He defends himself by claiming that the police and army have “proved their innocence” through their defeat of the LTTE. I do not buy this for even a second. The army has been found to breach innumerable rights of both civilians and surrendering LTTE members throughout the war. If he is talking of re-implementing the police on a large scale to ‘keep the peace’, I undoubtedly fear for the entire population.

His rise to power was almost inevitable now in hindsight. After being hailed a “national hero” due to ending the civil war his campaign was boosted further by his brother’s economic performance as president. GDP rose from circa $24bn to over $80bn at the end of Mahinda’s tenure. Crucially, however, we must note that Mahinda ran on an economically liberalising platform: opening the nation to mass investment from the Far Eastern giants of China and Japan, allowing them to fund pivotal major infrastructure projects, such as the highway system; all this hastened Sri Lanka’s economic development.
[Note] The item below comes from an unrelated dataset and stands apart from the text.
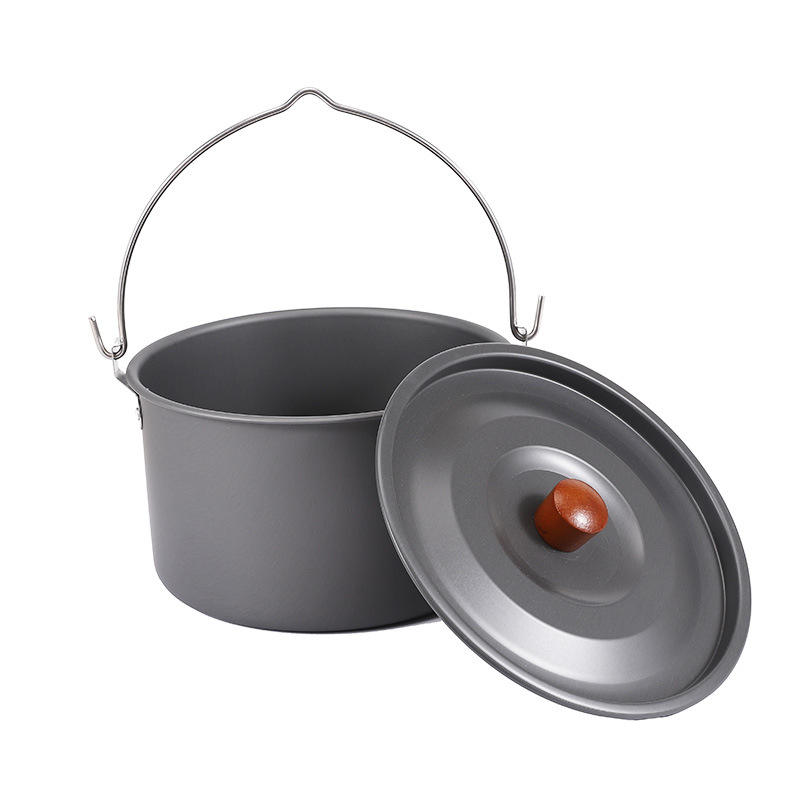 หม้ออลูมิเนียมอัลลอยด์แบบพกพาขนาด 5.5 ลิตรพร้อมด้ามจับไม้สำหรับทำอาหารกลางแจ้งและกองไฟ เหมาะสำหรับ 4-6 คน

Contrastingly, Gotabaya has emphasised a highly protectionist Sri Lanka, one that will no longer be “bullied by Britain” or have “unfair” UN law placed upon it. Yet the lunatic pledged to meet the sustainable development goals, developed by the UN, in his manifesto. God knows what he’s thinking in the Presidential office right now other than ‘Thank the Lord I’m a populist’. Without a doubt this was his way into power. Populism has always been -pun intended- popular in Sri Lanka. Evident in both brothers’ successes in elections, the electorate of the island nation tend to be easily swung by big-tent policies such as ‘Priority to national security’ and ‘People Centric Economic Development’: both schemes are found in Gotabaya’s manifesto as part of the 10 key policies for the nation. Realistically, Sri Lanka will be unable to achieve this if it is combined with the new President’s protectionist reforms. Protectionism inevitably leads to a fall in development. Just look at the Soviet Union: a fundamentally flawed state with unfathomable levels of inequality and the inner circles of government and the police inciting fear into the minds of the population, branding dissent as a suicidal idea. This is now undoubtedly the path Sri Lanka is headed upon under the firm grasp of Gotabaya and his protectionist policies. 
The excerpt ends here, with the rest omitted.